_What is needed:_ Using the listing below, reproduce exactly the lines from the one with "脏橘色的吊带裙搭配同色系的藤" through the last, with all pictures left out.

_Data:_
►

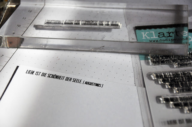 Stempelt einen Spruch auf einen Streifen weißes Papier. Da reicht auch festeres Druckerpapier.
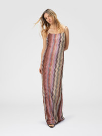 Feminine and refined, this sleeveless long Missoni dress expresses delicate sensuality. A deep round cut on the back adds a seductive touch, while the iconic zigzag raschel knit is enriched with lame threads that gracefully illuminate the silhouette—a celebration of the maison’s savoir-faire. MORE DETAILS - Long dress - Round back neckline - Raschel knit - Zig zag motif - Lurex threads - Viscose blend Composition: EXTERNAL:89%Rayon, 6%Metal Fiber, 5%Polyamide; LINING : 82%Polyester, 18%Elastane Care instructions: Wash max 30°C - Mild process ; Dry cleaning in tetrachloroethene - mild process ; Dry flat ; Steam iron only ; Do not tumble dry ; Do not iron ; Do not bleach Made in: Italy Product ID DS25WG0MBR012LSM9QY
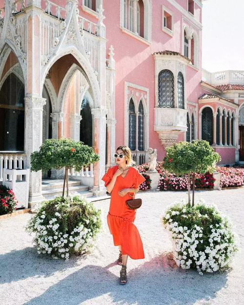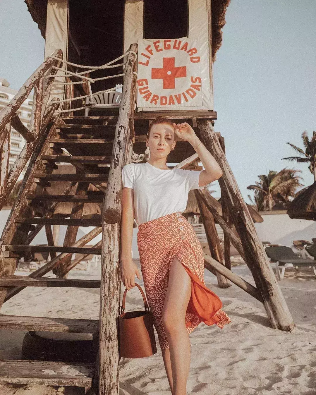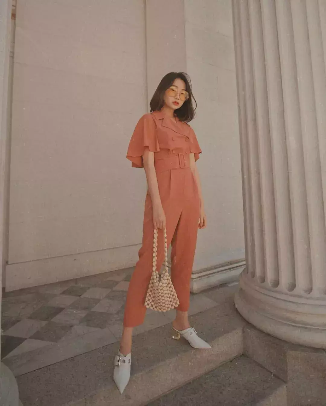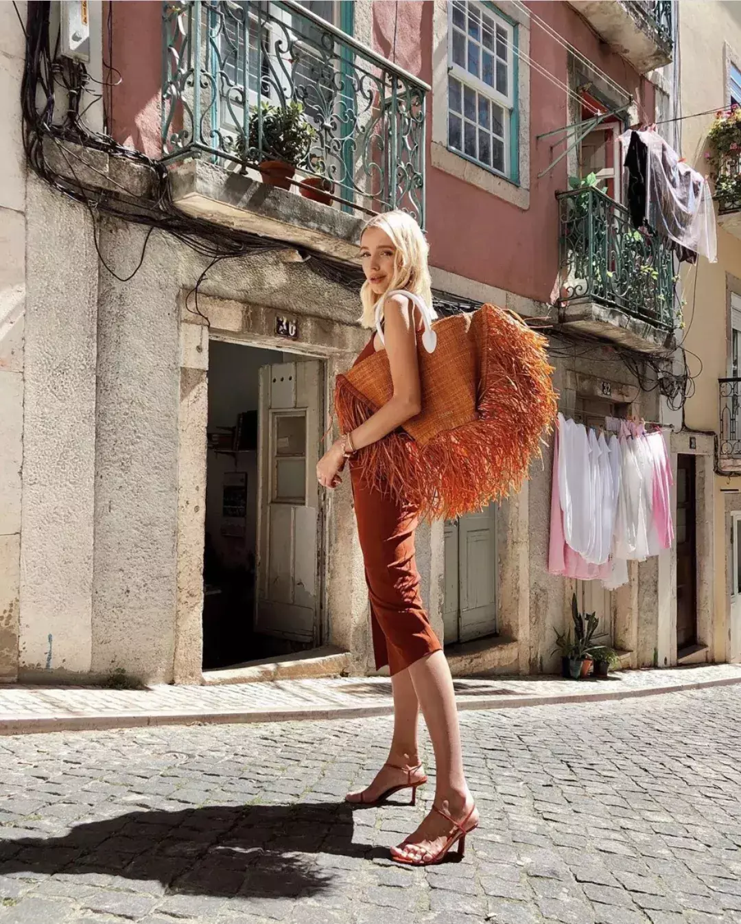 脏橘色的吊带裙搭配同色系的藤编包、高跟凉鞋,这身look非常大胆,仙女们出游的时候不妨挑战一下!
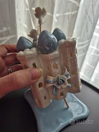 vendo bomboniere come da foto compreso di scatola e bottiglina di profumo che va inserita all'interno. La bomboniera è un profumatore a forma di castello, è ceramica pagata 28 euro. pezzi disponibili circa 20

◄

_Answer space:_
 脏橘色的吊带裙搭配同色系的藤编包、高跟凉鞋,这身look非常大胆,仙女们出游的时候不妨挑战一下!
 vendo bomboniere come da foto compreso di scatola e bottiglina di profumo che va inserita all'interno. La bomboniera è un profumatore a forma di castello, è ceramica pagata 28 euro. pezzi disponibili circa 20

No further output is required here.